I am reminded of the literal meaning of word ‘gravitas’: ‘gravity,’ something that weighs down.  Reinforcing Brian Williams’ anchorman gravitas was the title of his short-lived interview show, “Rock Center”—named for Rockefeller Center of course, but also surely for its connotation of absolute, reliable (‘rock’-like), unbiased (central, neither right nor left) truth. Williams was being packaged for years as our manly  ‘rock center,’ and, within the demographic of Fox News, O’Reilly has long traded on his own paternal image

It was in trying to enhance this packaging, to further the association between journalistic integrity and masculine rectitude that Williams and O’Reilly stumbled. Williams told his disputed anecdotes against a series of backdrops all heavily coded as ‘male’: chatting man-to-man with a clearly impressed David Letterman (himself a kind of anchorman of late-night comedy) or at Madison Square Garden, taking in a Rangers game alongside his buddy, a real war hero.

And both men have long occupied that most classic seat of power, the anchorman’s chair.  Both represent versions of what America has long deemed admirable and trustworthy: the white, middle-aged man, handsome in a neutral way, displaying ironic humor at his own expense (Williams joshing with Letterman, O’Reilly with Jon Stewart), adept at the ‘humble brag,’ sports fan, ally of soldiers.  O’Reilly has even further allied himself with male authority and heroism by publishing books about Patton, JFK, Lincoln and even Jesus.

Despite strides made for gender and ethnic diversity, it still tends to be men on the Williams-O’Reilly axis who win our votes, earn the biggest salaries, and calm our fears.  Both resemble physically most of the U.S. Senate, as well as most corporate CEOs, political candidates, university presidents, and law partners.  And so, to reinforce their stature Williams and O’Reilly tried to add ‘war hero’ to their already long list of confidence-inspiring male attributes.

In other words, these men understood their role.

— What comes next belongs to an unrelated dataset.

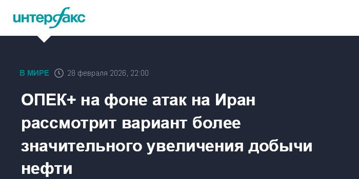 ОПЕК+ на фоне атак на Иран рассмотрит вариант более значительного увеличения добычи нефти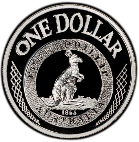 The reverse depicts reproduction the obverse of Port Phillip Pattern coin ( a kangaroo facing right with the date 1853 below. A broad raised engine-turned rim encompasses the incuse legend "PORT PHILLIP AUSTRALIA".); around , cross- hatching" ONE DOLLAR" cross-hatching.

They were not mistaken to assume that war stories could reinforce their anchorman bona fides.  They knew that our culture tends to conflate masculinity and physical daring with reliability and truth. But that’s precisely the problem: Those things have nothing necessarily to do with one another. But so long as we believe they do, we remain susceptible to believing that  ‘might makes right,’ to trusting rugged maleness over prudent reflection, and to accepting any policy—indeed any war—presented in the theatrical rhetoric of manhood. It is therefore particularly worrisome that anchormen, people tasked with reporting and explaining actions such as war, are so often chosen for their ability to convey, to ‘perform’ admirable masculinity.

Brian Williams and Bill O’Reilly were reflecting back to America the theatrically heroic, masculine cues we seem to admire so. If their attempts to improve their performance backfired it was only because it revealed that they were doing just that: performing.

A number of commentators have already pointed out that, given the staggering level of grave misinformation that led our country into war with Iraq in the first place, the brouhaha over Williams feels misguided. And Fox News’s fast and loose relationship to truth has been well established. Why do we now focus on these individuals and their peccadilloes? Perhaps because it offers an easier way to contemplate a larger issue: anxiety about how and when we go to war in the first place, an especially relevant topic in light of President Obama’s recent request to Congress for extended war powers. It’s always easier to talk about individual celebrities’ failings than about large-scale political matters.

Instead of focusing on how much to blame or punish Williams and O’Reilly, it would be more useful perhaps to question our own need for paternal purveyors of ‘truth,’ for heroes, and for men who ‘anchor’ us.